Dorkin hesitated. He didn’t like this at all, but he decided that he had no choice.
He talked without interruption for almost three-quarters of an hour, laying out as persuasi
vely as he could what he had found out, what he suspected. When he had finished, Meade sat back.
“As I understand it then,” he said, “your case against Coile is that he is believed to have molested his daughters and that therefore he might have been the father of Sarah’s child and might have murdered her to keep this quiet.”
He studied Dorkin from across the desk.
“That’s very thin stuff,” he said. “You have no actual evidence of his having seen her that night after she left to go to the dance?”
“No. That’s what I’ve been trying to collect.”
“I understand that you went to see the Mounties about it.”
“Yes.”
“I’ve had a complaint from them too,” Meade said. “Inspector Gregory phoned me yesterday. He was very angry. He felt that you were using your rank in the army to bully his officers into conducting investigations for you that they did not feel were justified.”
“I hadn’t intended to bully. But I’m very unhappy about the initial investigation that Grant conducted into the murder. Within an hour or two, he decided that Williams was guilty, and they never pursued any other line of investigation.”
“But they have been co-operative,” Meade said. “They have made available to you all the evidence they have collected.You don’t feel that they’ve withheld anything?”
“No. But it’s the evidence they haven’t collected that concerns me.”

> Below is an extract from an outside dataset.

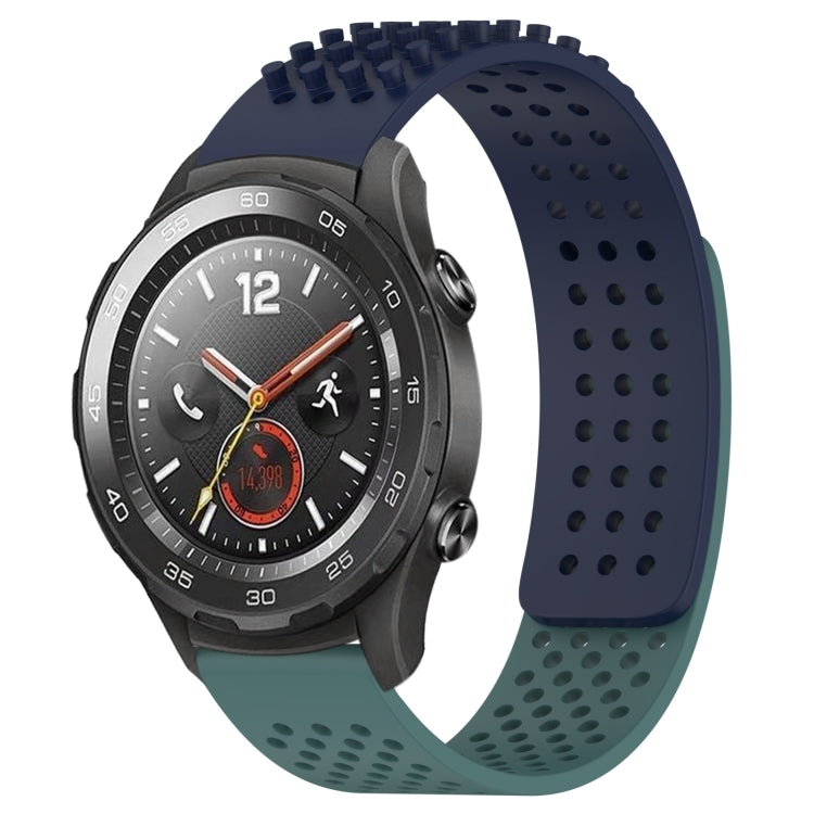 Correa de Silicona para Huawei Watch 2 con Puntos 3D Transpirables y Orificios 20mm (Azul Medianoche + Verde Oliva)

“Bernard, I appreciate your concern for Williams. A lawyer should fight for his client. But you are not a policeman. It’s not your job to chase around the country trying to catch murderers. Your job is to go into court and attempt to convince a jury that the evidence which the prosecution is presenting is not enough to prove beyond any reasonable doubt that your client is guilty. If he is found not guilty, then it is up to the police to chase around the country and try to find out who is guilty. I gather from what you say that you feel that the case which the police have built is a weak one founded on very questionable circumstantial evidence. If that is so, then that is what you tell your judge and jury. You tell them that on the basis of the evidence that has been presented it is easy to construct an explanation of the girl’s death other than the one the prosecution is presenting.”